Final answer:
The question pertains to the ionization of a weak acid, which is 3.0% dissociated in a 0.15 M solution. To find the concentration of hydrogen ions, we multiply the molar concentration of the acid (0.15 M) by the decimal fraction of dissociation (0.03), resulting in a hydrogen ion concentration of 0.0045 M.
Step-by-step explanation:
The student's question relates to the degree of ionization of a weak acid in solution. In Chemistry, when an acid is described as being a certain percentage dissociated, this refers to the extent to which the acid molecules separate into ions in a solution. Since the given weak acid is only 3.0% dissociated in a 0.15 M solution, we can use this percentage to calculate the concentration of hydrogen ions [H+] produced by the dissociation process. Remember that 3.0% equates to 0.030 in decimal form.

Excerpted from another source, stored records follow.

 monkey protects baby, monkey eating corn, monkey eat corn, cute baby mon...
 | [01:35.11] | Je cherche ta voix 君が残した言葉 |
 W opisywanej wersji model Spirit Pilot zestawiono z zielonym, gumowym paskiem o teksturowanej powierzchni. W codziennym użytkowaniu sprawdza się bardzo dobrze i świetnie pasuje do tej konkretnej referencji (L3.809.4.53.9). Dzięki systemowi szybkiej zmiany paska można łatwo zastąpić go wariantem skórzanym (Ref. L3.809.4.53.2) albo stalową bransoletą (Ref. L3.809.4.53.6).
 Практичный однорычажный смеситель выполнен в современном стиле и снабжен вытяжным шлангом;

For instance, suppose we have acetic acid (CH3COOH), a typical weak acid. If we had a 1 M solution of acetic acid (concentration of acetic acid), only a small fraction, say 0.4%, would dissociate into ions (CH3COO- and H+), with the vast majority, 99.6%, remaining as undissociated CH3COOH molecules.

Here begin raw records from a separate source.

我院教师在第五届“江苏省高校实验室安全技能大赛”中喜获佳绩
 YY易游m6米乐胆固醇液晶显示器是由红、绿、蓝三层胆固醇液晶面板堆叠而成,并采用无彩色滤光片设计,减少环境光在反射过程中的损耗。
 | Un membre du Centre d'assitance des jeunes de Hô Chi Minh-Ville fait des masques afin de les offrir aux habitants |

Thus, the dissociation of a weak acid in water is represented by an equilibrium expression, such as:
CH3CO₂H(aq) + H₂O(l) ⇒ H3O+ (aq) + CH3CO₂˅(aq)

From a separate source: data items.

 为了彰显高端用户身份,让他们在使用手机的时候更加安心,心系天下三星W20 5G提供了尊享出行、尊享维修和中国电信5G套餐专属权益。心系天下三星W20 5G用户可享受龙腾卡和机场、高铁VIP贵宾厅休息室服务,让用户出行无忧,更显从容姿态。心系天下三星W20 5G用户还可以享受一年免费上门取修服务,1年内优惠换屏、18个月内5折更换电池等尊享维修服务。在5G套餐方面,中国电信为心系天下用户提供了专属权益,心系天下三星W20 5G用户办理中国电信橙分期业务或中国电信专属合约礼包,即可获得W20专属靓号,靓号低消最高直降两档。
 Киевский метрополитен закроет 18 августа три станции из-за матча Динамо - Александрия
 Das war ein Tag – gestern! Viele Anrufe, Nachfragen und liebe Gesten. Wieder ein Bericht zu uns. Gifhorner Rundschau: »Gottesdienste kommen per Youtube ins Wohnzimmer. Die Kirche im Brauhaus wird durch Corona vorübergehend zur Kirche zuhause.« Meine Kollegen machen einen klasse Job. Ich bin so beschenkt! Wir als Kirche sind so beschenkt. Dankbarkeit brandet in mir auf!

With the given data, we can calculate the concentration of H+ ions generated by the 0.15 M weak acid solution when it's 3% dissociated. The calculation would be as follows:
[H+] = 0.15 M (concentration of the weak acid) x 0.03 (3% dissociation in decimal form) = 0.0045 M.
Therefore, the concentration of H+ in the solution is 0.0045 M.